MADISON, Wis. (12/8/15)--Credit unions should not opt-in to the settlement deal recently offered with regard to Home Depot and MasterCard, counsel representing financial institutions in the data breach case against Home Depot said during a conference call Monday.
Many financial institutions that have filed lawsuits against the retailer for the massive breach to hit its stores last year received letters from their card processors outlining vague details of a settlement negotiated between MasterCard and Home Depot.
But the details of how much Home Depot is willing to reimburse are unclear, leading counsel to urge financial institutions involved with the case to either opt-out of the settlement if prompted to do so, or to decline opting in. Multiple versions of the letter have been reported.
“Until Home Depot discloses all of the facts relating to its agreement with MasterCard, we recommend that financial institutions reject any settlement that requires them to release their claims in court and does not offer a significant reimbursement for their losses, beyond what they’re already entitled to,” said Joseph Guglielmo, lead counsel for financial institutions in the case.
Guglielmo said that the offers appear to fail to adequately reimburse credit unions for their losses. In fact, one credit union was promised operational reimbursement dollars of only $1.18 per qualified account, likely falling far short of operational losses caused by the breach.
Credit unions were hit with nearly $60 million in costs as a result of the breach, according to numbers compiled by CUNA.
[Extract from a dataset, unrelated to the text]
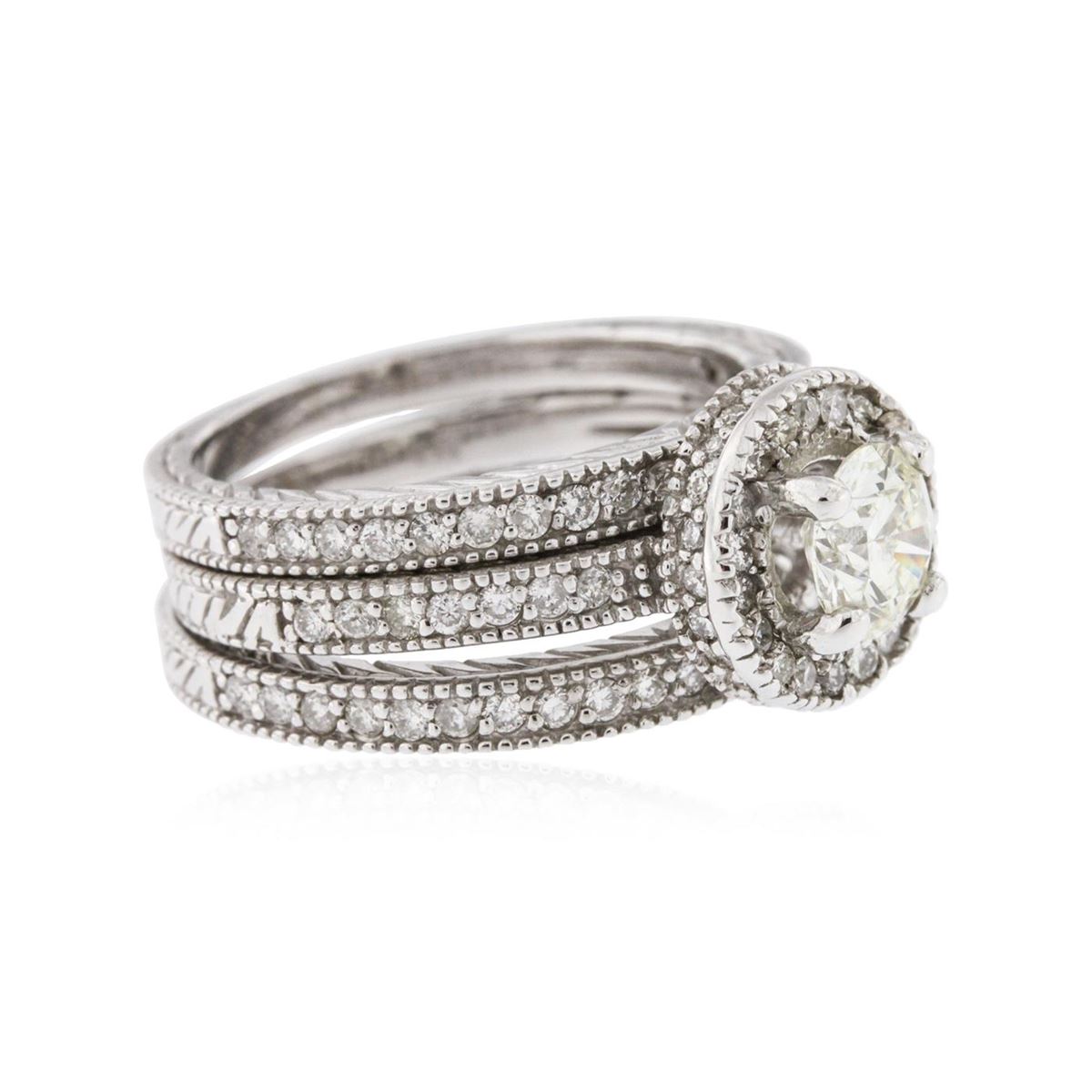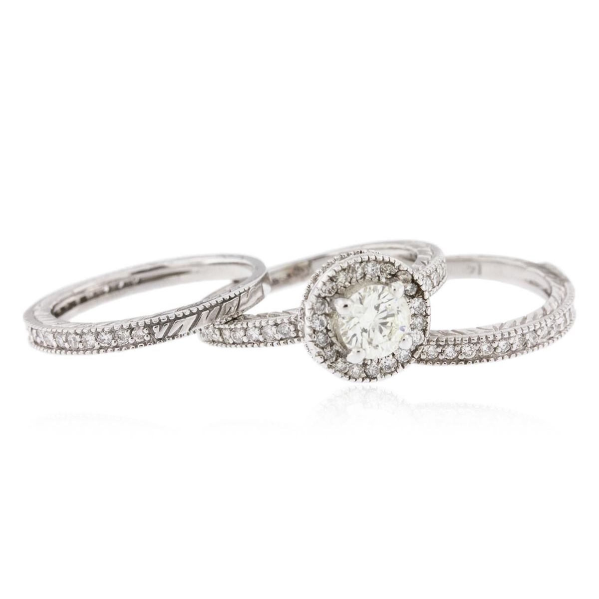 One electronically tested 14KT White Gold ladies cast and assembled diamond wedding set. Condition is new, good workmanship. The wedding set includes a diamond engagement ring and two matching diamond wedding bands. The engagement ring features a diamond set within a diamond bezel and supported by a diamond set under gallery and shoulders. The set is completed by two matching diamond wedding bands. Each ring is completed by a two millimeter wide patterned band. Bright polish finish with milgrain detailing throughout. Identified with markings of "14K". Containing: One prong set round brilliant cut diamond, measuring 5.75 -5.74 x 3.50mm (depth est) approximate weight of 0.80ct with a medium blue fluorescence. Graded in the setting. Clarity I-1 Color K Depth 60.9% Table 59.1%. Ninety-seven bead and prong set round brilliant cut diamonds, measuring 1.50 - 1.30 x 0.84mm (depth est) approximate total weight of 97 stones = 1.07ct. The color grade reflects the entire range of color for this group. Graded in the setting. Clarity SI-1 to I-1. Color G-J. Total weight of diamonds 1.87ct. Total weight of wedding set 8.81 grams. AIG Appraised at $10,355.00.

Several iterations of the settlement letter gave fast-approaching deadlines by which financial institutions needed to make a decision on the settlement offer. If a credit union prematurely opted in, and now wishes not to do so, it should send a letter to rescind that decision, counsel said.
“The settlement uses MasterCard’s account data compromise (ADC) program to offer financial institutions partial recovery amounts for their losses sustained during the data breach,” Guglielmo said. “In exchange for this inadequate compensation, financial institutions are being asked to sign a release of all other claims against Home Depot.”
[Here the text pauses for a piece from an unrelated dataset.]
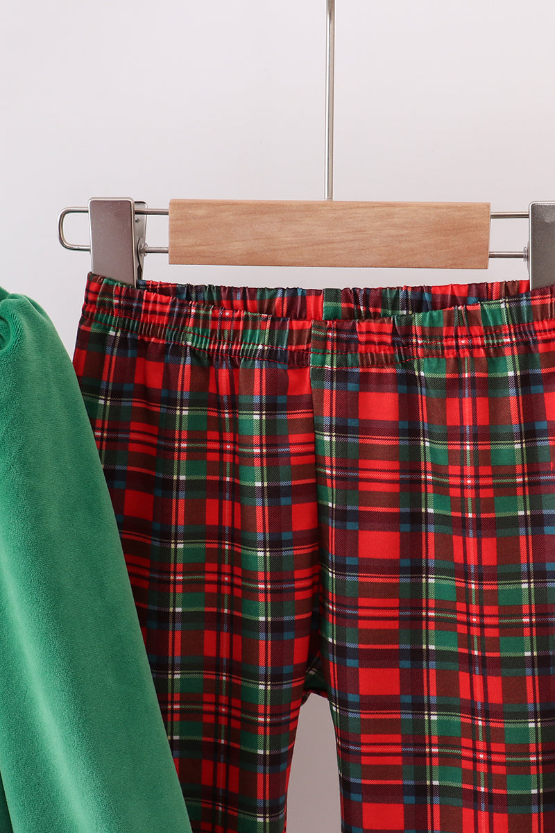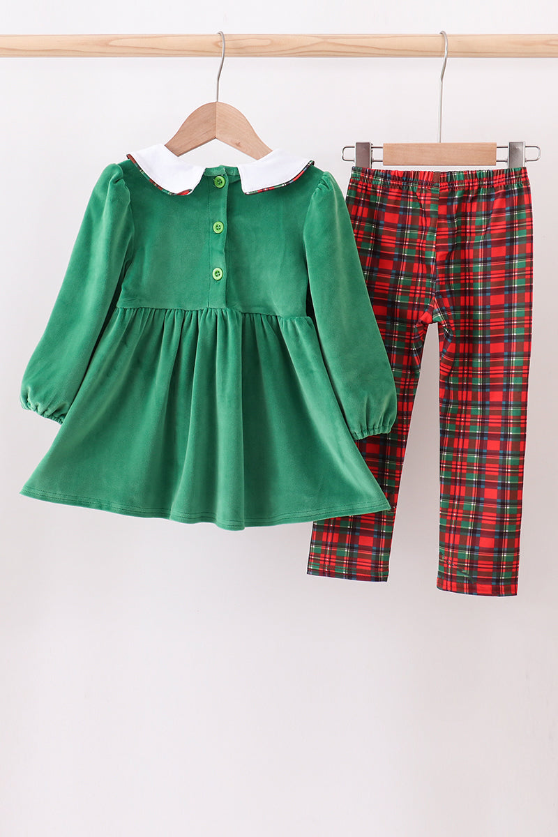 Get festive with this Green Christmas Tree Applique Velvet Pants Set! Soft velvet fabric keeps you cozy, while the cheerful tree applique adds a fun holiday touch. Perfect for lounging by the fire or holiday parties, this set brings comfort and seasonal charm together in one playful outfit.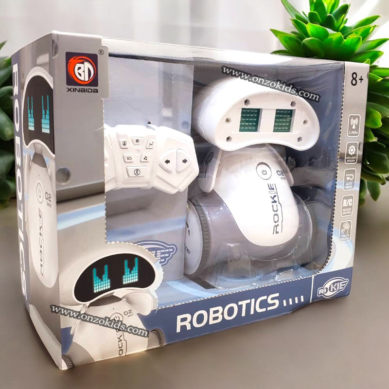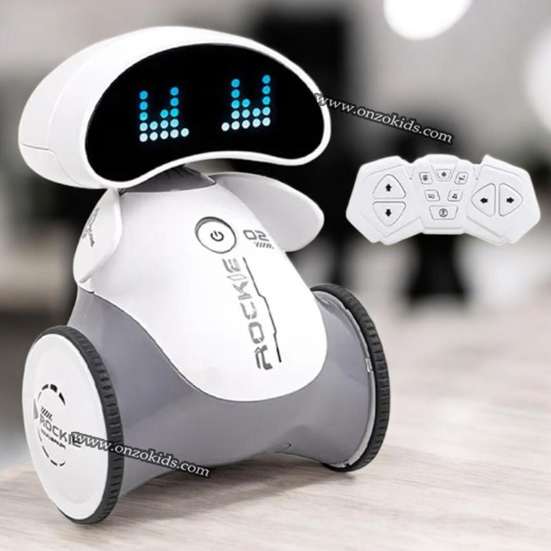 Contenu de la boîte : robot Rockey, télécommande, câble de charge, Notice d’utilisation

Gugliemlo added that the financial institutions that rejected similar offers from Target ultimately received significantly more reimbursement for the costs they incurred as a result of the breach.
“The settlement agreement announced last week in the litigation over Target’s data breach was a settlement agreement that was reached with financial institutions that did not opt in to the original ADC program,” Gugliemlo added. “That settlement, we believe, established that financial institutions do not need to accept the first offer they receive from these card brands.”
Target recently settled with financial institutions for nearly $40 million.
CUNA continues to urge lawmakers to tighten the data security standards imposed on retailers. Until retailers face the same strict standards that financial institutions are beholden to, critical gaps in the payments network will persist.